Sunday, July 5, 2020

The nectar flow

I have been having a great nectar flow. I have four supers on most of my hives and I may be putting on more.
 Right now I think we are at near peak nectar flow. More and more flowers are blooming. Perennial summer flowers are starting to bloom. The hot weather is also helping the nectar flow.
 Today a surprise thunderstorm gave us an 1-1/2" of rain. So moisture is not an issue in Washington County at the moment. But we have had ample moisture anyway, so moisture should not be an issue at the moment. I think they are still dry in the Harris/Pine City area.

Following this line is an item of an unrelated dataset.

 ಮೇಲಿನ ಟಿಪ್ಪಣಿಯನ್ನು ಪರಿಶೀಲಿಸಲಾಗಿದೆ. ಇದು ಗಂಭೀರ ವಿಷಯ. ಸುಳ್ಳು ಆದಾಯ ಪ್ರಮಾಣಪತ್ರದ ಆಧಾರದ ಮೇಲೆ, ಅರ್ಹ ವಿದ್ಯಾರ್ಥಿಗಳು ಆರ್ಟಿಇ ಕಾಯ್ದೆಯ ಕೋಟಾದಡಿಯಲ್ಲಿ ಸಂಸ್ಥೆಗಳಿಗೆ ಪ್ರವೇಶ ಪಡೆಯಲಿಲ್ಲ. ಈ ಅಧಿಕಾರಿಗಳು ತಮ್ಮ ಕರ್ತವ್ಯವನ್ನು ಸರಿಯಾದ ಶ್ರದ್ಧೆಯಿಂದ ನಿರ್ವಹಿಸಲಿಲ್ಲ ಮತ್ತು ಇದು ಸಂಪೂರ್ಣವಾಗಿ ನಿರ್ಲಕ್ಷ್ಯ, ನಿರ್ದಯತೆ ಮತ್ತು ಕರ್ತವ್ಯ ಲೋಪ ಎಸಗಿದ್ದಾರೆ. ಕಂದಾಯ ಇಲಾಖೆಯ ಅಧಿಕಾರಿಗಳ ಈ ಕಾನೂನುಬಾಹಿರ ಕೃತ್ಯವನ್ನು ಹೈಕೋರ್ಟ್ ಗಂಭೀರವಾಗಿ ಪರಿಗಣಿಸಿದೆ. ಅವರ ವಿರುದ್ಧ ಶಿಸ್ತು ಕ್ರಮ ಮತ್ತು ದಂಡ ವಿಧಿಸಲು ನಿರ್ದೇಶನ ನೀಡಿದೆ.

 Aside from that, everyone should be experiencing a nectar flow right now. If the hive has a good population, the bees should be filling the top brood box and into the supers with nectar.
 If the bees are not putting nectar into the supers but are filling the brood area with nectar, and there is no brood, your bees may have swarmed and if you did not remove any capped queen cells in the last two to three weeks, there should be a new queen laying soon. You may have to move some frames to another hive to get some relatively empty frames, to give the queen some room to start laying.
 If your bees are still in one or two deeps and they are not drawing out much comb. You could have had some queen issues along the way. The hive may not have many foragers yet. You may have to feed the bees some sugar water right now for the bees to draw out comb.
 Some strategy's to use for supers:
  • If you are running out of supers, use a deep for a honey super
  • Hives getting too tall? Take full supers and put them on top of colonies that are not producing. Move the supers bees and all. This will give the weak hive an increase in bees. (Don't worry about fighting. Smoke the bees a little and they will be fine. House bees in supers are 12 - 17 days old and easily accept other bees.)  The bees will take care of the honey. Do not take off supers and store them off the hive somewhere. The honey will absorb the high humidity that we are experiencing and will cause the honey to eventually ferment. 
  • New supers and nothing happening? Remove the queen excluder until the bees start making some comb on a couple frames then put the excluder back in.
  • Put new undrawn supers on top of the top brood box, then drawn supers on top of them. Drawn supers can be just stacked on top of the hive as needed.
  • Supers go on two at a time during the early part of the nectar flow.
The nectar flow should stay on track for awhile. Nectar flows are unpredictable and beekeepers are never sure how much honey is going to come into the hive. But staying ahead of the bees with empty frames can kick in the bees hoarding instinct. When bees have space in front of them, the bees will try harder to fill that space. If the honey space is full, the bees may stop collecting. I always like to pull off a partially filled top super at the end of the nectar flow instead of one packed full. I know with the partially filled super, I got all the nectar that the hive could produce.
 Keep ahead of the bees, the nectar is flowing, it will be a great thing if every super gets honey in the frames.